The Jubilee Course was opened in 1897 — named for Queen Victoria's Diamond Jubilee — and runs closest to the sea of all the St Andrews Links courses. That position has consequences. When the wind is onshore, as it frequently is on the Fife coast, the Jubilee receives it with less shelter than any of its neighbours. Experienced visitors who have played the full Links rotation tend to rank it as the most demanding of the non-Old courses, and the conditions on a testing day support that view.
The layout follows the coastline in a way that keeps the wind relevant on almost every hole. This is links golf without much mitigation — fairways that reward ground game, greens that punish the wrong approach angle, and a prevailing wind that shifts the effective difficulty of holes depending on the day. It is also used as an Open Championship Final Qualifying venue, which is consistent with its difficulty and with the standard of the test it provides.

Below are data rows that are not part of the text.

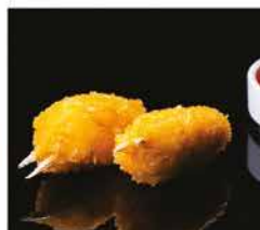
10. CHELE DI GRANCHIO FRITTO* 4PZ € 6,00 pasta di farina arrotolata con granchio
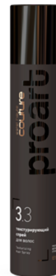
Текстурирующий спрей для волос
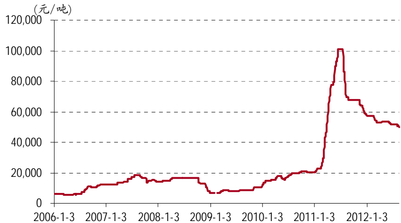
图表 1. 混合碳酸稀土价格

总的来说, 今年各类稀土产品价格基本处于一路下滑的通道。纵然稀土行业政策不断落地, 但全球经济疲软带来的需求孱弱依然决定了上半年稀土价格并未因政策涌现而重现 2010 年的盛世。这也是公司业绩逐季回落的主要原因。此外 1 季度可能有部分业绩来自于一次性的收储。
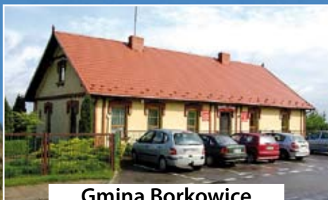
Gmina Borkowice czytaj str. 5
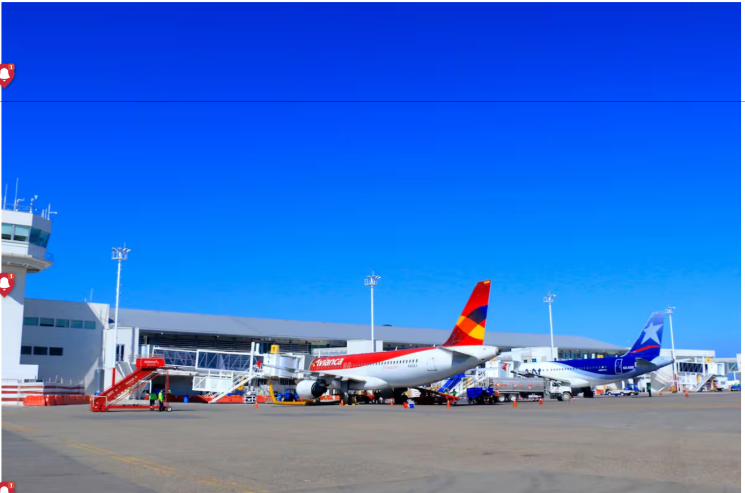
Aeropuerto Internacional Rafael Núñez.

La empresa de combustible Terpel emitió un comunicado anunciando a cuatro ciudades del país afectadas. Esto dice el Aeropuerto de Cartagena.
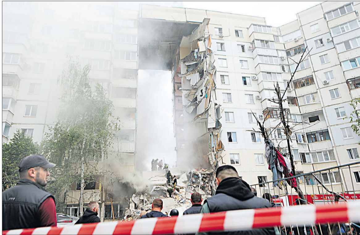
📍 В первые минуты после обрушения подъезда.

Максим является воспитанником клуба карате «НАМИ». Он провёл пять боёв в самой конкурентной категории, на которую заявили 42 человека. Яковлевские спортсмены завоевали и пять медалей на открытом областном турнире по дзюдо в Тамбове. Соревнования прошли среди юношей 2011-2012 годов рождения. В них приняли участие спортсмены из четырёх регионов страны. В их число вошли и воспитанники Спортивной школы олимпийского резерва Яковлевского городского округа. Ребята показали достойную борьбу и добились отличных результатов.
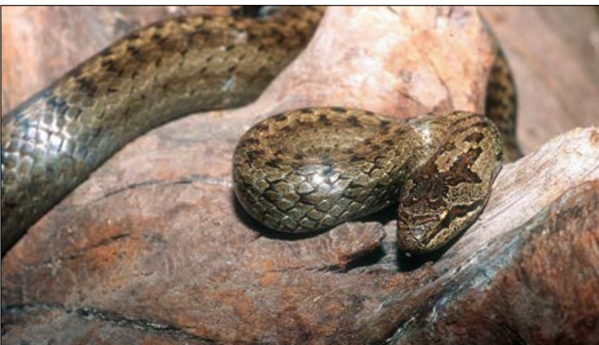
Abb. 18: Die Schlingnatter ( Coronella austriaca ) – streng geschützt – das harmlose Tier wird wegen seiner Ähnlichkeit mit der giftigen Kreuzotter oder aus prinzipiellem Schlangenhass verfolgt und trotz Verbot erschlagen.

Die Angst vor Spinnen (Abb. 17) und Schlangen (Abb. 18) scheint nach neuen Erkenntnissen angeboren zu sein und wird von ängstlichen Erwachsenen sicherlich verstärkt. Schon sechsmonatige Babys zeigen beim Anblick von Bildern dieser Tiere Stressreaktionen, berichten Forscher. Sie führen dies auf die lange Koexistenz der menschlichen Vorfahren mit Spinnen und Schlangen von 40 bis 60 Millionen Jahren zurück (HÖHL u. a. 2017).
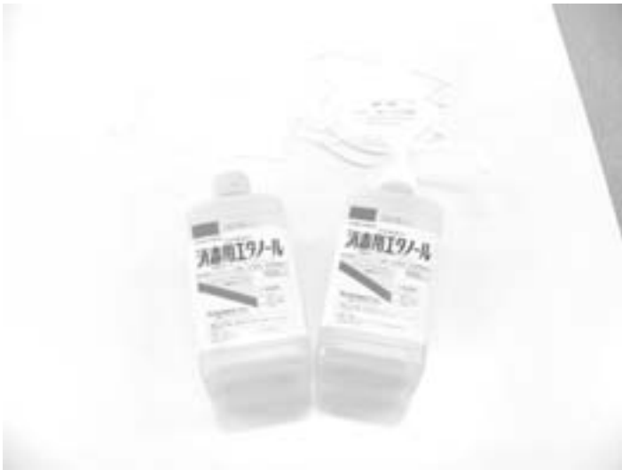
手洗い、うがいが大事
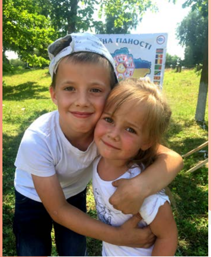
Hver uge arrangerer Children's Mission i Ukraine aktiviteter, hvor de hjælper børn.
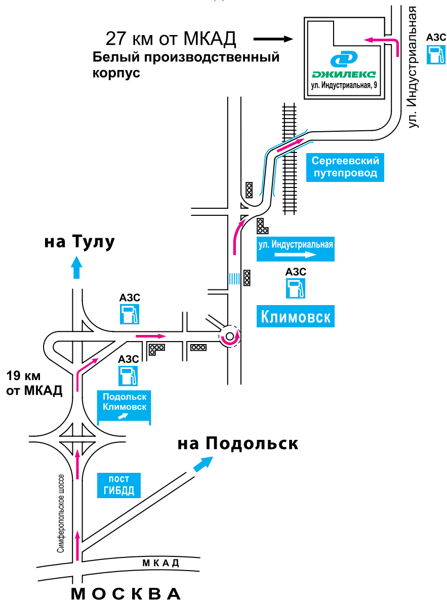
СХЕМА ПРОЕЗДА ОТ МОСКВЫ
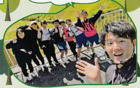
大変だけど楽しかったあ
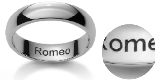
Blockschrift Caractères d'imprimerie
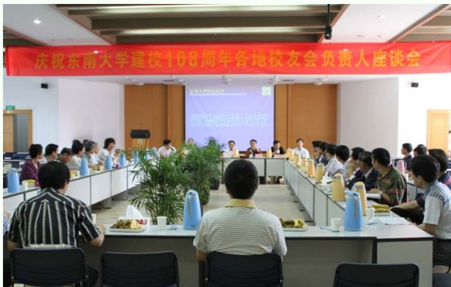
(6月6日下午校群贤楼报告厅召开各地校友会负责人座谈会)
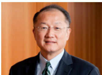
Jim Yong Kim - Presidente del Banco Mundial (Banco Mundial)
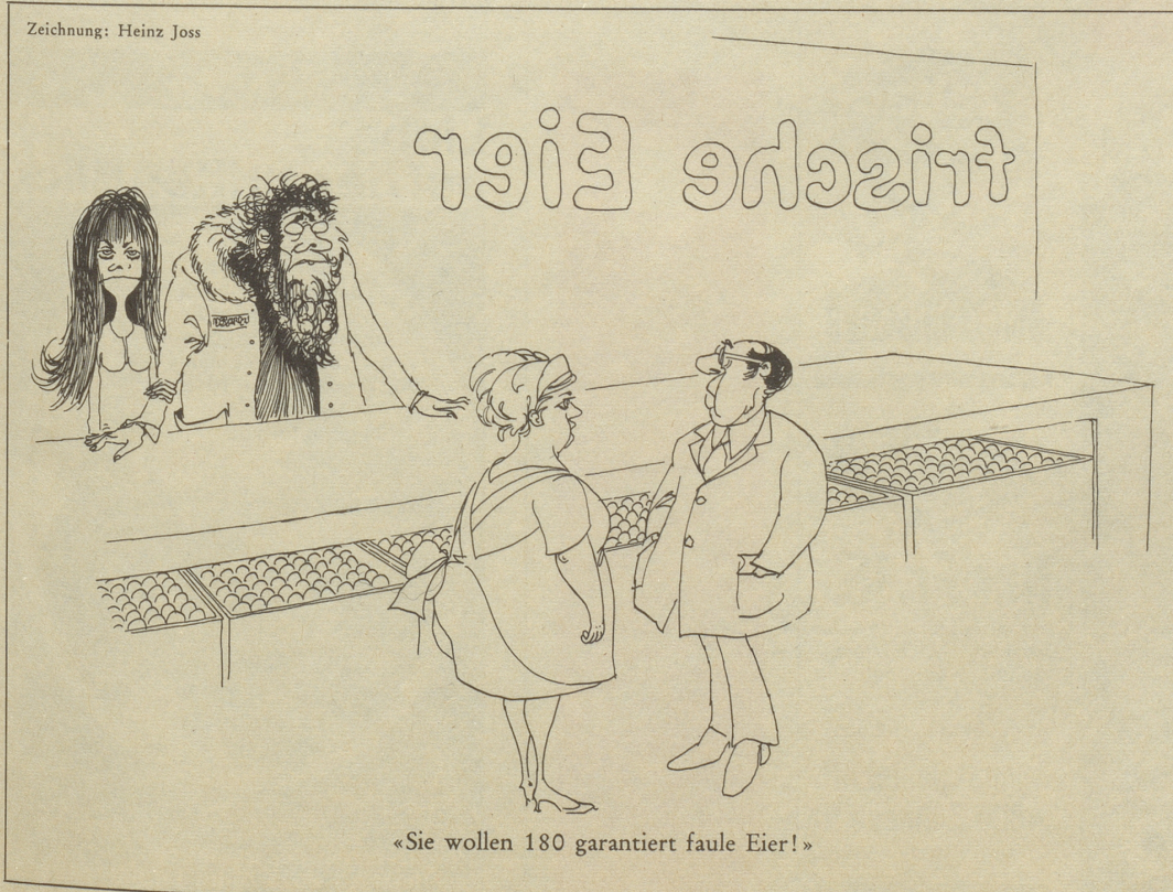
Zeichnung: Heinz Joss

«Ach», seufzt die Dame, «ich bin einfach des jahrelangen Alleinseins müde!» tr
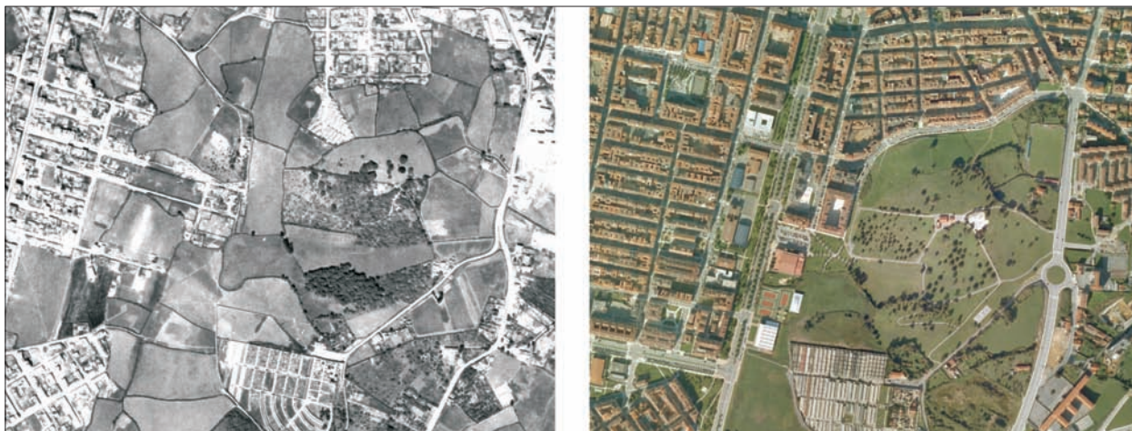
FIG. 18. El parque de Los Pericones está indisolublemente unido al Plan Especial de Reforma Interior de El Llano de la segunda mitad de los años ochenta, una de las mayores actuaciones urbanísticas desarrolladas en Asturias. La apertura de un gran vial al sur, entre el Paseo de Begoña y la actual autovía del Cantábrico, permitió ordenar una zona de infraviviendas, la típica de los bordes urbanos humildes, carente de un callejero bien alineado, infraestructuras, equipamientos, servicios y dotaciones. La gran parcela que ocupa actualmente el parque (14 hectáreas) es ligeramente alomada, y tiene como límites la amplia Avenida de El Llano, la antigua carretera minera y, al sur, el cementerio de El Sucu. Dada su juventud floral, el parque presenta solo una mancha verde, pero no tiene la estética de otros ya reseñados en este artículo. Próximamente será ampliado hacia el sur, hasta alcanzar más de 20 hectáreas, convirtiéndose así en el mayor espacio verde urbano asturiano. Escala aproximada 1:13.850.

central o de ciudad, es decir con área de influencia extensa aunque su tamaño no siempre sea importante. Es quizá el caso del parque del Cortijo (Grado), sobre un recinto abandonado del centro de la villa, o el parque de La Paz (también llamado de la Manzana Central) en Lugones, producto de la urbanización de suelo libre óptimamente situado junto a la vía central de ese núcleo, satélite de Oviedo.
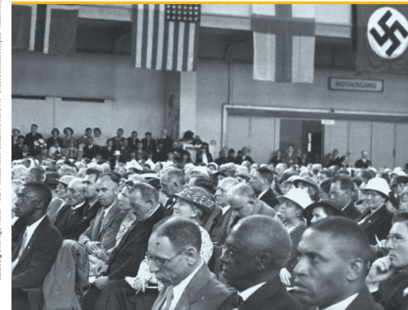
Gestaltung Goldwiese, Weimar Druck: Drucker Schapfel, Weimar; Recycling-Papier mit Bio-Druckfarben
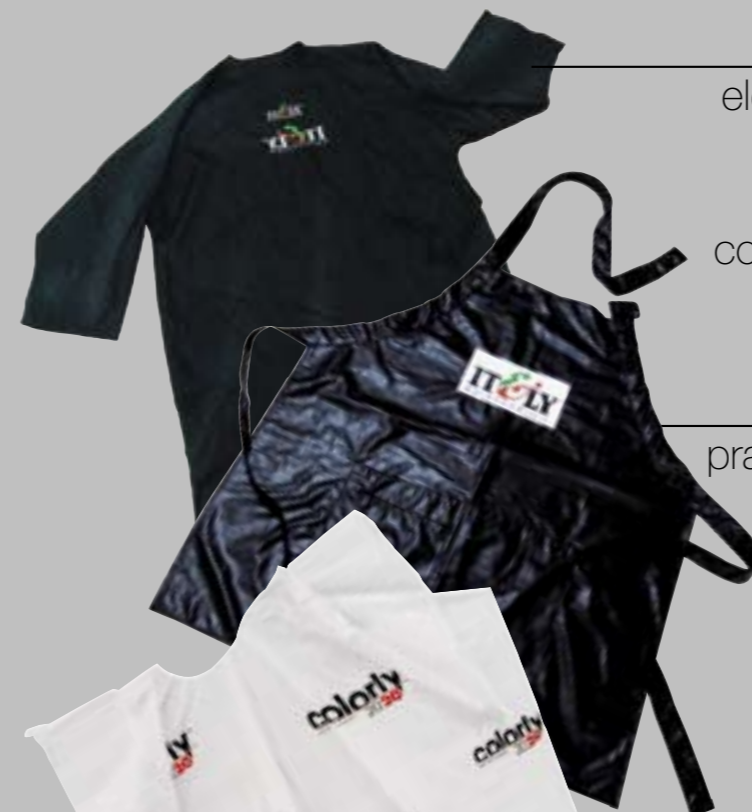
KIMONO elegante kimono anti-macchia per la cliente con logo bifronte

Green fees are £95 — a reasonable position in the St Andrews Links pricing structure, below the Castle Course and the Old Course, above the Eden and Strathtyrum. No ballot is required. For visitors building a Fife itinerary, the Jubilee tends to be underplayed relative to the New, partly because the New's reputation is better established and partly because the Jubilee's exposure can be unforgiving in poor weather. In good conditions, that exposure is the course's best feature.
Donald Steel updated the course design in 1988, tightening several approaches and making the bunkering more strategic. The 3rd hole, a long par 4 into the prevailing wind with an approach that requires exact positioning to hold the green from the right angle, is the one that sets the character of the front nine. The Jubilee's reputation for difficulty is not exaggerated — when the wind is up from the North Sea, this is a harder course than the New and arguably the most testing round available to visitors who can't get on the Old.